## What to work on
Write out exactly the lines from the one containing "为进一步促进武术教育事业的发" to the end of the material, both ends included, and nothing else. Leave pictures out.

## Provided data
<<<<

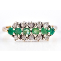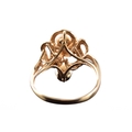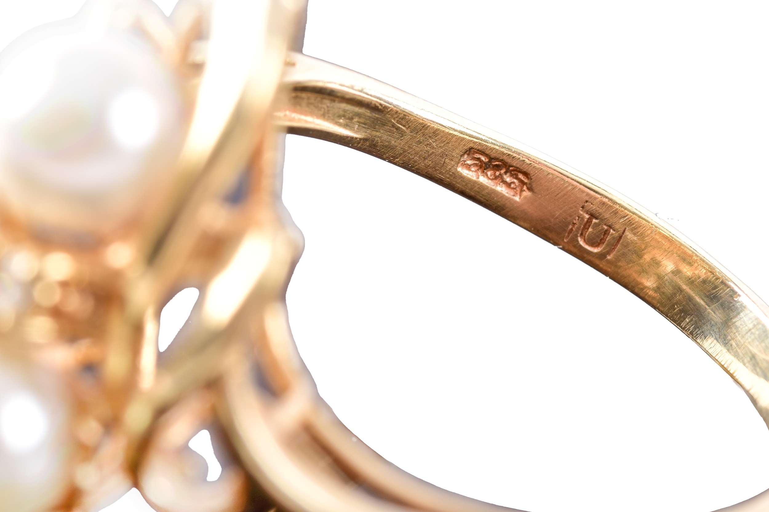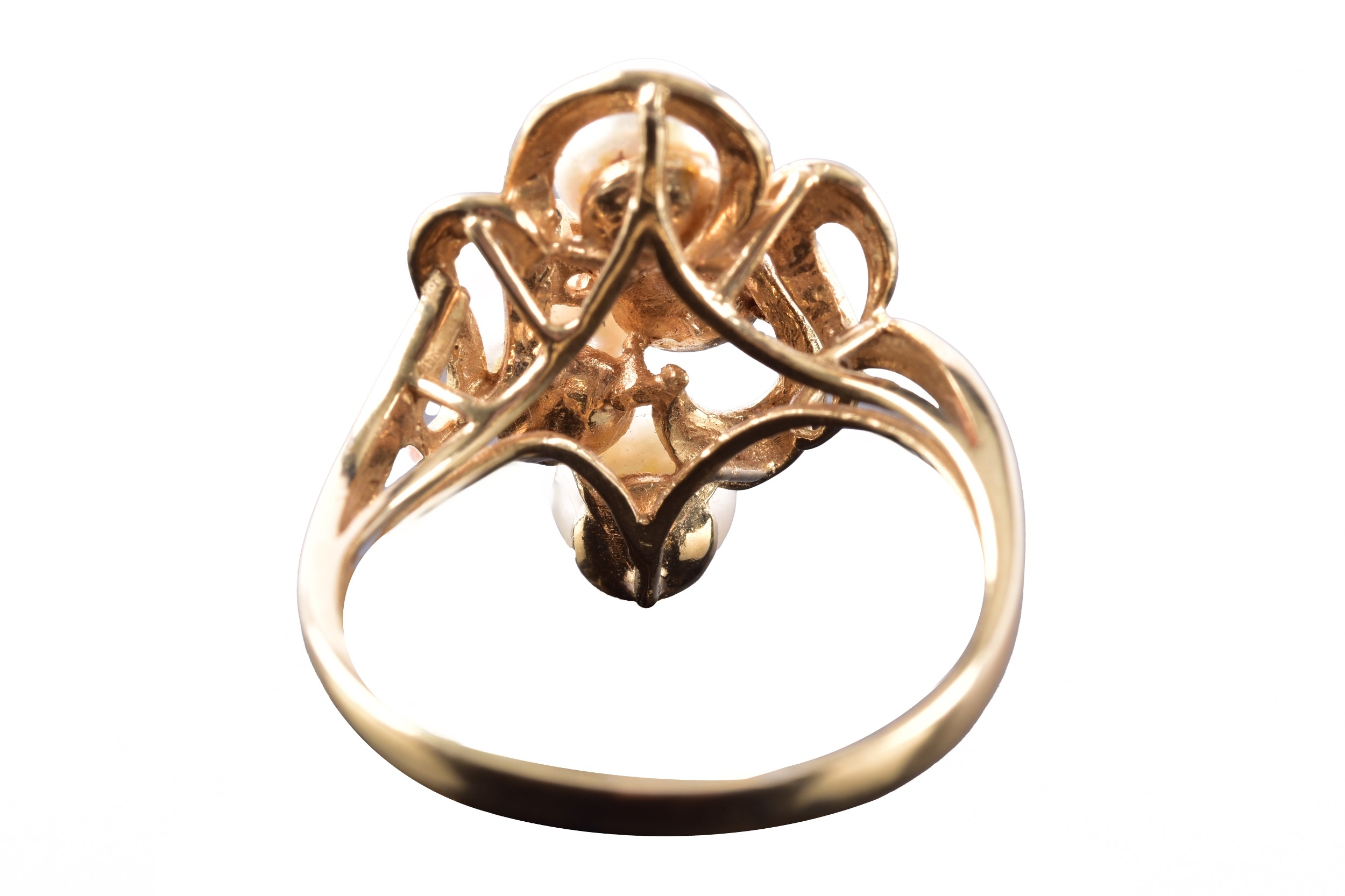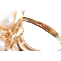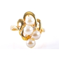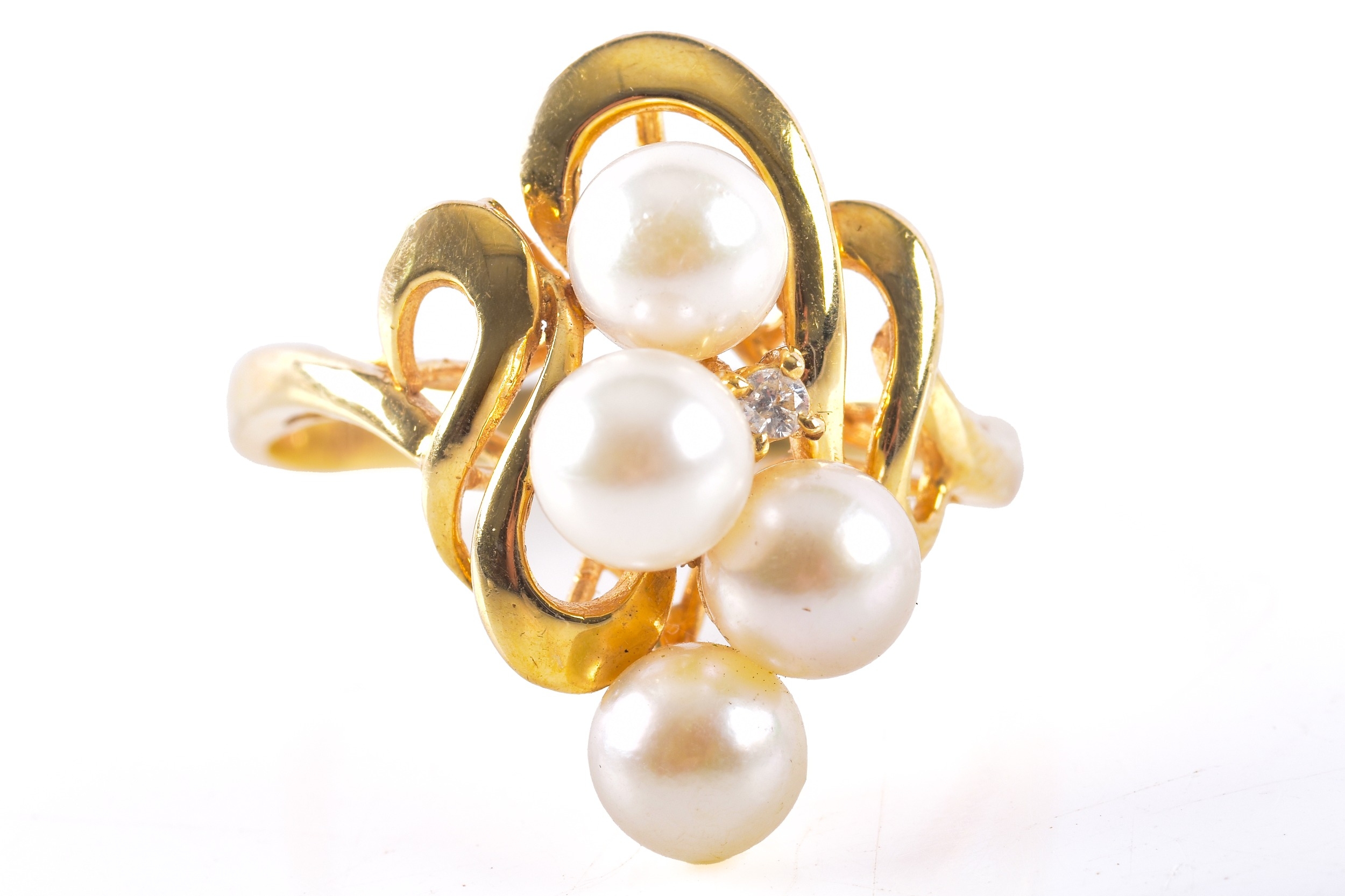 A 14ct yellow gold pearl and diamond ring, set with four cultured pearls each measuring approximately 5.4 mm diameter, further set with a small round eight cut diamond, in a yellow gold abstract openwork design, size O.
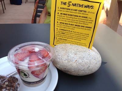 Vanilla cake layered with almond creme and fresh sliced organic strawberries. Plus a little of the Native Foods philosophy ... and a corner of the Double Delight Brownie (which I ate over the next few days), made with fair-trade cocoa.
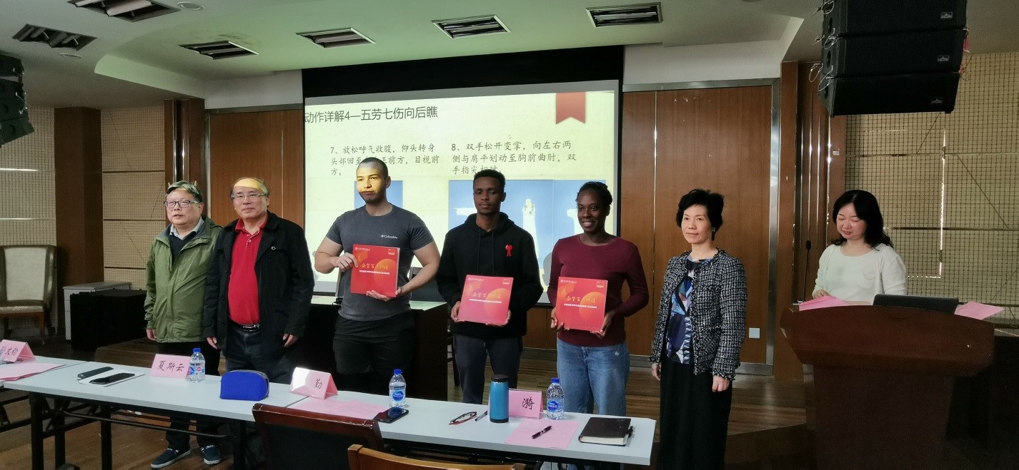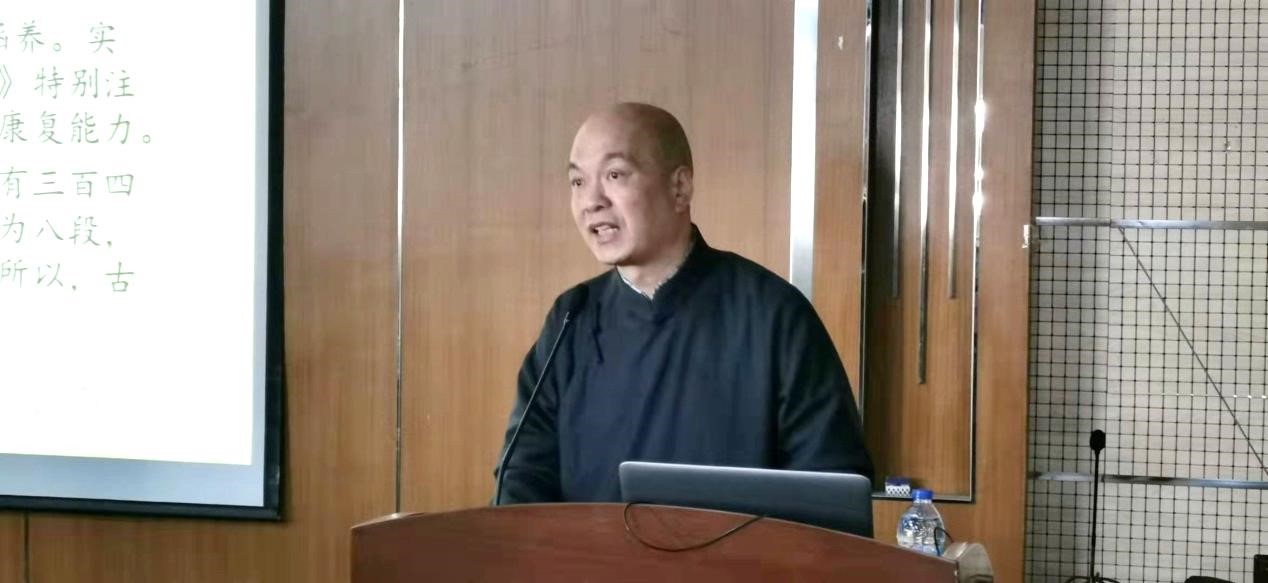 为进一步促进武术教育事业的发展,推动传统武术进校园,10月29日上午,由组织部(老干部办公室)、国际教育学院、离退休党工委(退休工作处)主办,校老教授协会承办的“传统武术走进校园 中华文化传播海外——河南省非物质文化遗产代表八段锦讲座”在长宁校区综合楼5楼顺利召开。本次讲座由河南省非物质文化遗产八段锦代表性传承人焦宏敏教授主讲。校老教授协会会长夏斯云,国际交流处处长王勤,离退休党工委书记、退休工作处处长孙文钧,组织部老干部办公室常务副主任赵雷,退休教工党委副书记、退休工作处副处长张漪,校老教协的老教授代表,陈氏太极拳传承人陈莹,国家级非遗项目卢氏心意拳保护单位负责人余江,太极拳社团负责人李利国,各退休教工社团的退休教师代表,国际教育学院国际学生代表参加了此次讲座。本次讲座由国际交流处处长王勤主持。
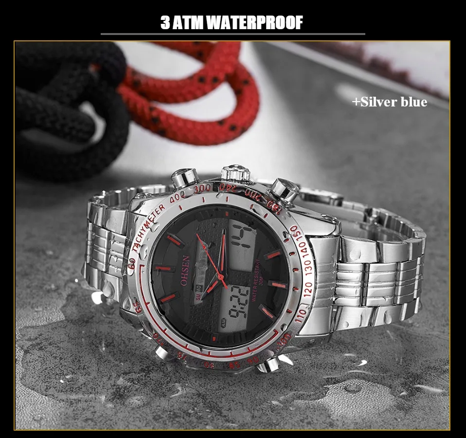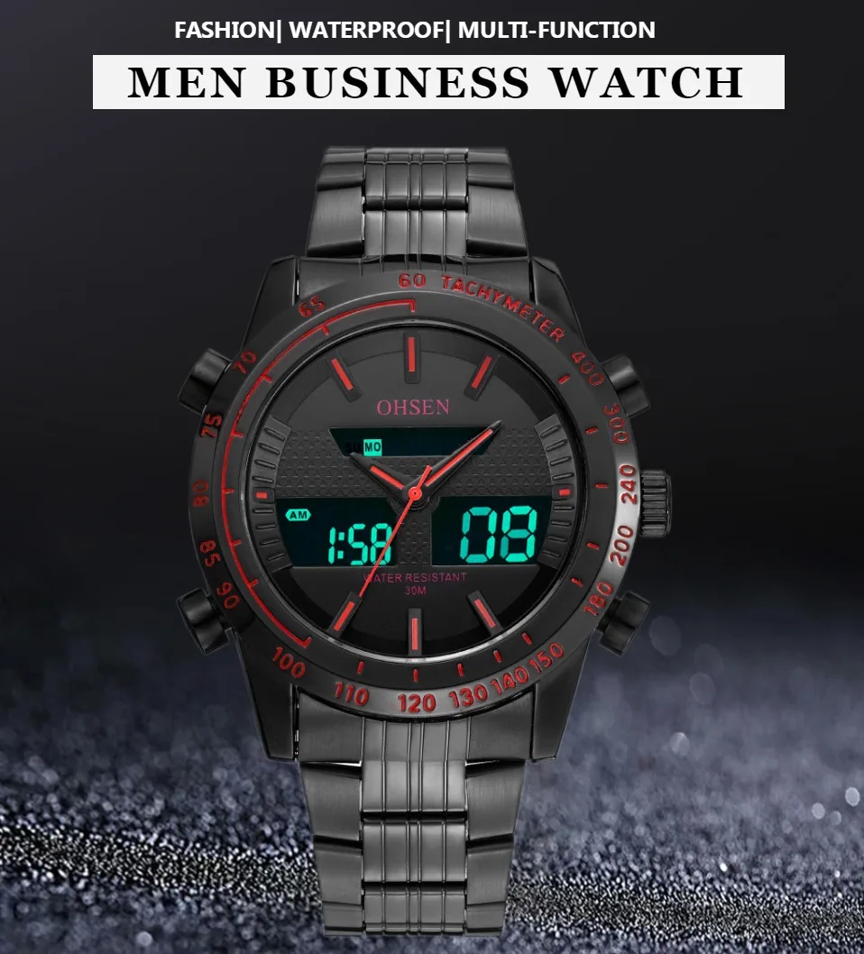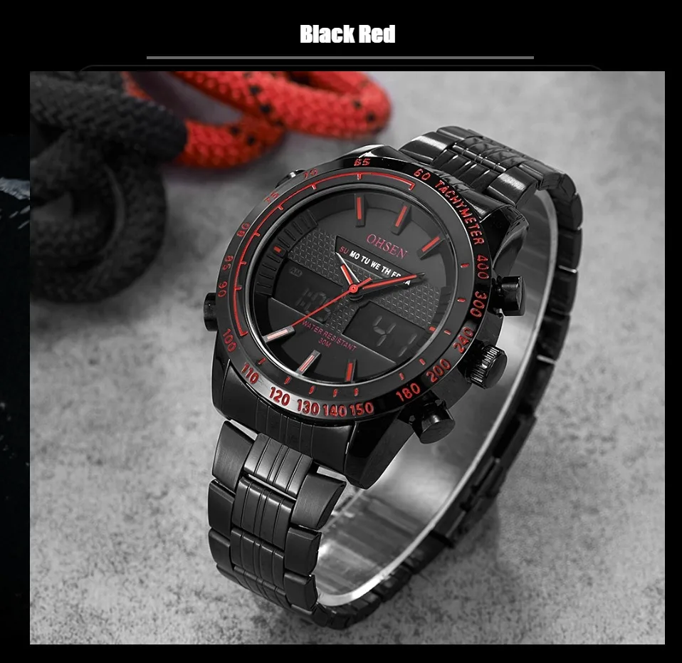 Прочные водонепроницаемые часы из сплава чехол Японская Кнопка Maxell, более длительный срок службы Ремешок для часов из нержавеющей стали Задняя крышка из нержавеющей стали с лазерным логотипом OHSEN

>>>>

## Answer area
 为进一步促进武术教育事业的发展,推动传统武术进校园,10月29日上午,由组织部(老干部办公室)、国际教育学院、离退休党工委(退休工作处)主办,校老教授协会承办的“传统武术走进校园 中华文化传播海外——河南省非物质文化遗产代表八段锦讲座”在长宁校区综合楼5楼顺利召开。本次讲座由河南省非物质文化遗产八段锦代表性传承人焦宏敏教授主讲。校老教授协会会长夏斯云,国际交流处处长王勤,离退休党工委书记、退休工作处处长孙文钧,组织部老干部办公室常务副主任赵雷,退休教工党委副书记、退休工作处副处长张漪,校老教协的老教授代表,陈氏太极拳传承人陈莹,国家级非遗项目卢氏心意拳保护单位负责人余江,太极拳社团负责人李利国,各退休教工社团的退休教师代表,国际教育学院国际学生代表参加了此次讲座。本次讲座由国际交流处处长王勤主持。
 Прочные водонепроницаемые часы из сплава чехол Японская Кнопка Maxell, более длительный срок службы Ремешок для часов из нержавеющей стали Задняя крышка из нержавеющей стали с лазерным логотипом OHSEN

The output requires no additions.